How big is the methanol fuel cell on one of these cars, and how long will it last (time, and distance) under race conditions?


----------



## Windydrew (Dec 18, 2015)

I was told 3 to 4 gallons can get a car through a 35 lap feature.


----------



## Windydrew (Dec 18, 2015)

I ordered the volt lear charger for 350 shipped with all the connectors attached with a decent amount of wire so now all I need is the can controller. Getting closer. Going to try and mount the batteries by this weekend.


----------



## madderscience (Jun 28, 2008)

3 to 4 gallons of methanol for 35 laps. Now we are getting somewhere. That's 1/10 of a gallon per lap.

3.5 gallons (taking the average of 3 and 4) * 16kwh/gal == 56kwh for the night. 56kwh / 35 laps = 1.6kwh worth of methanol per lap.

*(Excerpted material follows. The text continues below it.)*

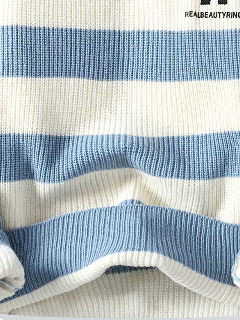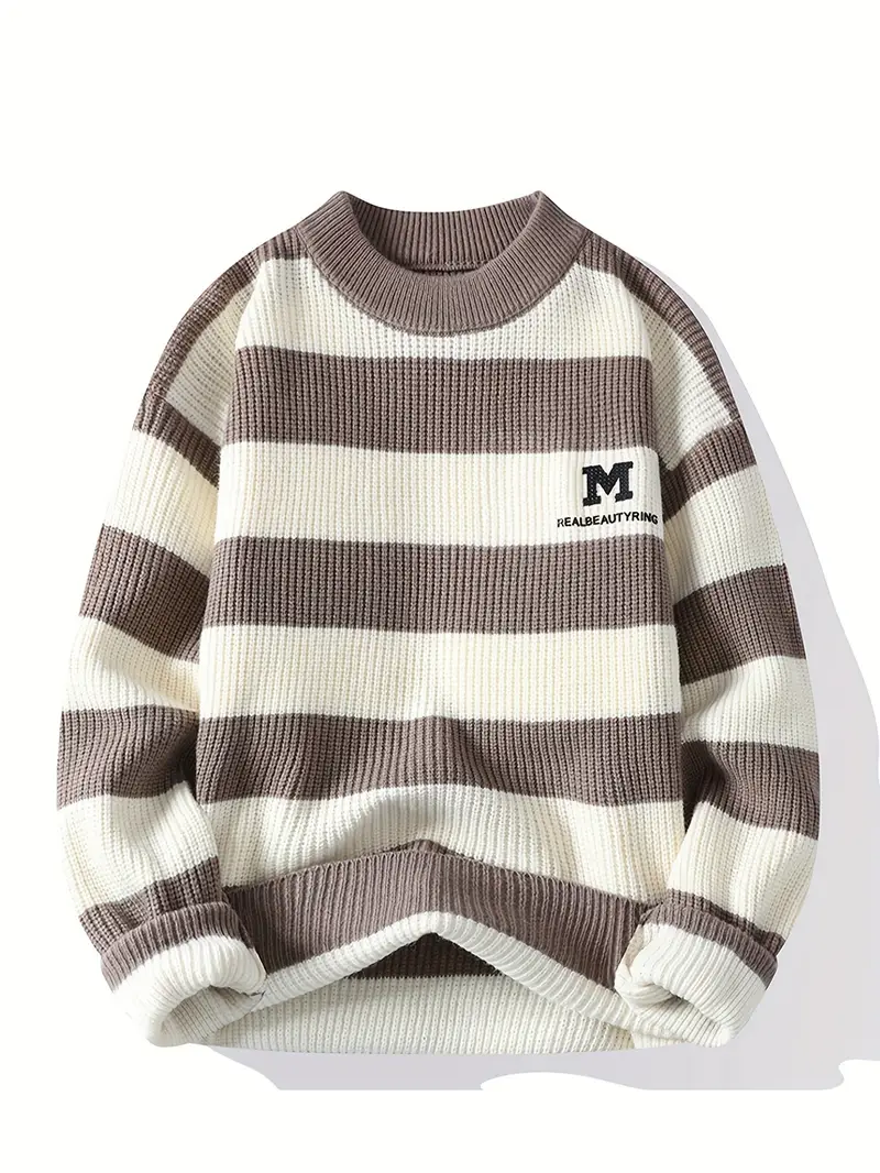 Stay cozy and stylish with this Classic Black & White Striped Knit Sweater, designed for a clean, modern look that works with any wardrobe. The bold horizontal stripes create a timeless aesthetic, while the embroidered “M – REAL BEAUTY RNG” logo on the chest adds a subtle touch of personality.

If the electric motor is 4x more efficient than the race prepared gas engine (this is still an open question) as previously posited, then 1.6kwh / 4 == 0.4kwh per lap, or only 14kwh for 35 laps running on electric. 

That would suggest you might be able to make the whole race on a 90% or so discharge, but more likely you would want to recharge (or swap) once during the night, if you have a full sized volt pack. You would not even need to get a full recharge.

If you know average lap speed, then with that and fuel consumption per lap and your estimate of engine efficiency, you can compute horsepower requirement and use that number in my prior post where I figured run time based on continuous horsepower usage.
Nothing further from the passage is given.